### What is required
From the records below, please print only the lines from the one containing "Naar mate de" through the one containing "Слайд 6После изучения", both included. Skip the pictures.

### Available data

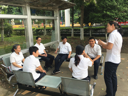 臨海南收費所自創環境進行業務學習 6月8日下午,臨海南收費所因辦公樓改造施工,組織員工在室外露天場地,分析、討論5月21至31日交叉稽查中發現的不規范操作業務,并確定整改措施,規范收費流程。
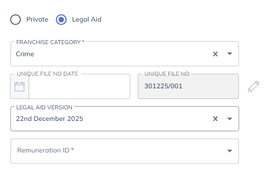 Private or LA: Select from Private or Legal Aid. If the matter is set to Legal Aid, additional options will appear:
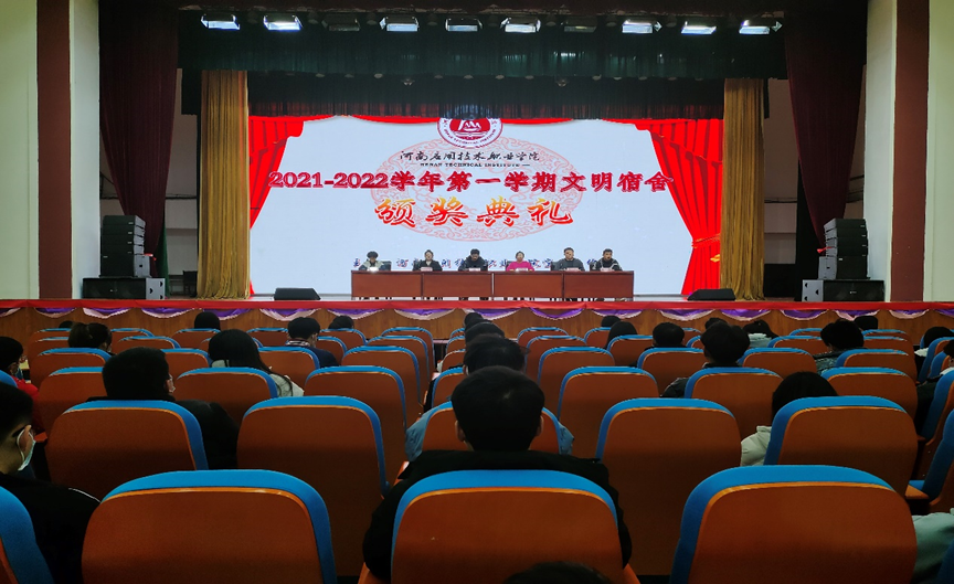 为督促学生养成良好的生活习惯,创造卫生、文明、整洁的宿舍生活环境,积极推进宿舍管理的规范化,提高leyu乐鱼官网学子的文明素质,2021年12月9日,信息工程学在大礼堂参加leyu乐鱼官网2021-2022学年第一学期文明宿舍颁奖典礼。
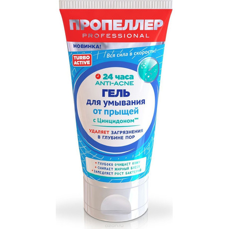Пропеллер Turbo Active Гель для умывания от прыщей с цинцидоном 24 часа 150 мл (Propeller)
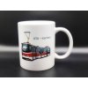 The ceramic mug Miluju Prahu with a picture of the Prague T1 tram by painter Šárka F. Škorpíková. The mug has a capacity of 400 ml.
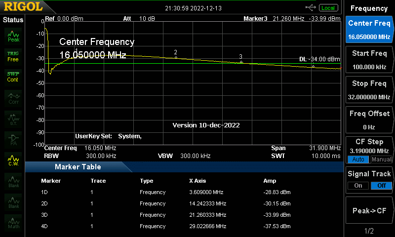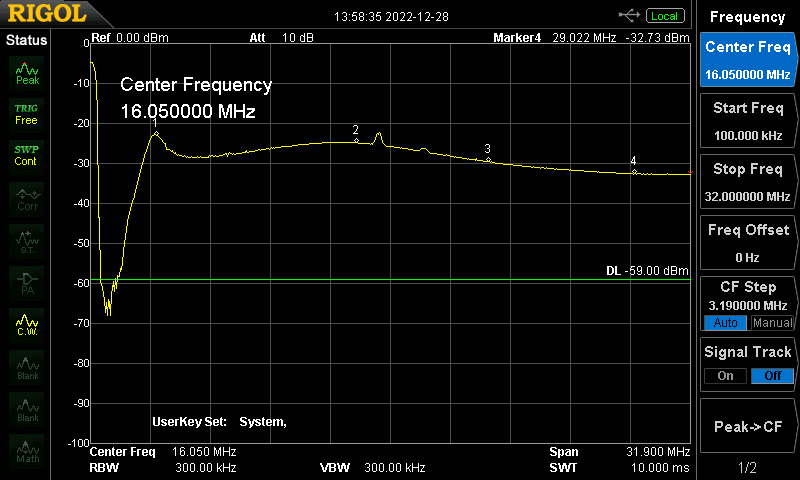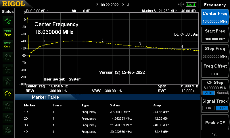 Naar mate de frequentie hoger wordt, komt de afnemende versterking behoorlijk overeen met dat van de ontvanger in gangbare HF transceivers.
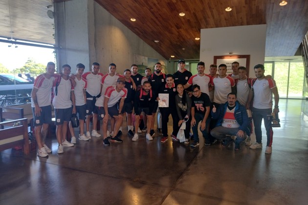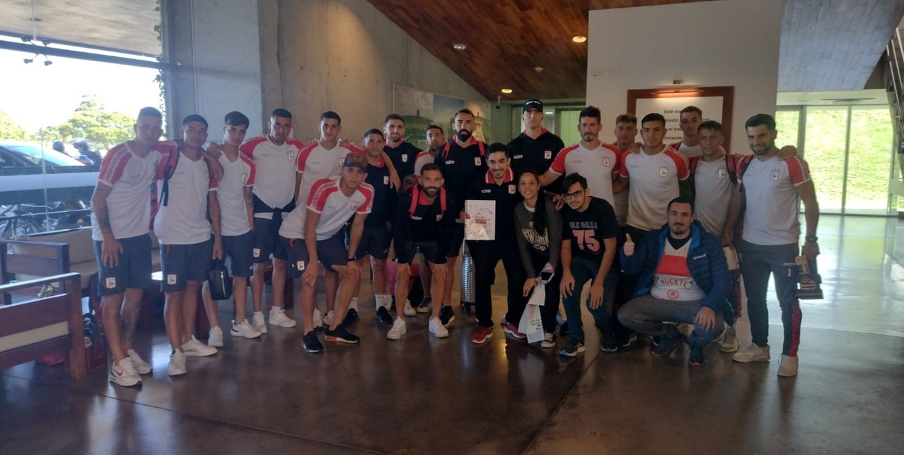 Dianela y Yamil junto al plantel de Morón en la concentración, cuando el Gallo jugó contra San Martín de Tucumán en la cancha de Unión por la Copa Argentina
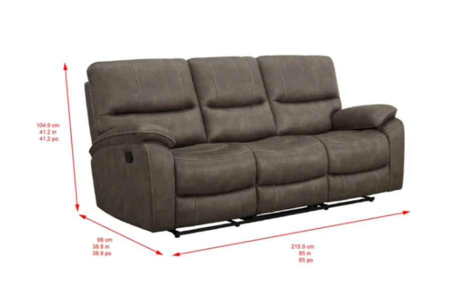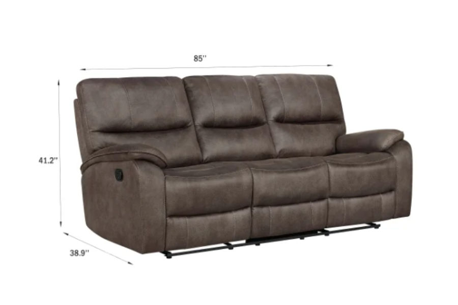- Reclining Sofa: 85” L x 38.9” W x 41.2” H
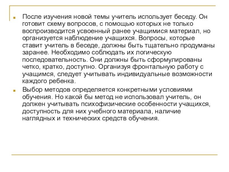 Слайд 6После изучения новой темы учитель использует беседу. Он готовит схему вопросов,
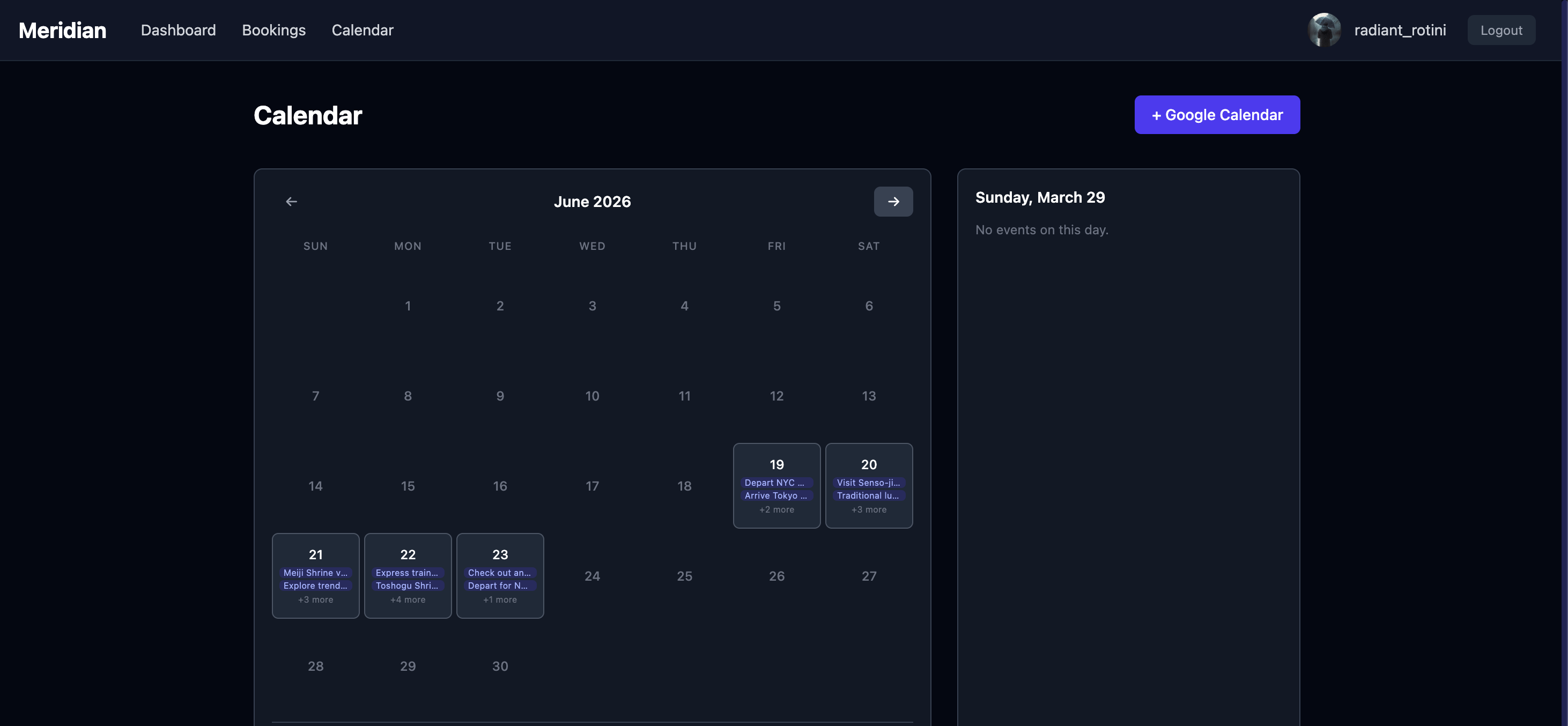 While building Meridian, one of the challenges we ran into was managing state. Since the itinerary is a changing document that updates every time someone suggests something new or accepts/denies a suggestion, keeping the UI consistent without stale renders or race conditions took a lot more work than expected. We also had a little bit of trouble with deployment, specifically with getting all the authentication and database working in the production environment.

### Output
 Naar mate de frequentie hoger wordt, komt de afnemende versterking behoorlijk overeen met dat van de ontvanger in gangbare HF transceivers.
 Dianela y Yamil junto al plantel de Morón en la concentración, cuando el Gallo jugó contra San Martín de Tucumán en la cancha de Unión por la Copa Argentina
- Reclining Sofa: 85” L x 38.9” W x 41.2” H
 Слайд 6После изучения новой темы учитель использует беседу. Он готовит схему вопросов,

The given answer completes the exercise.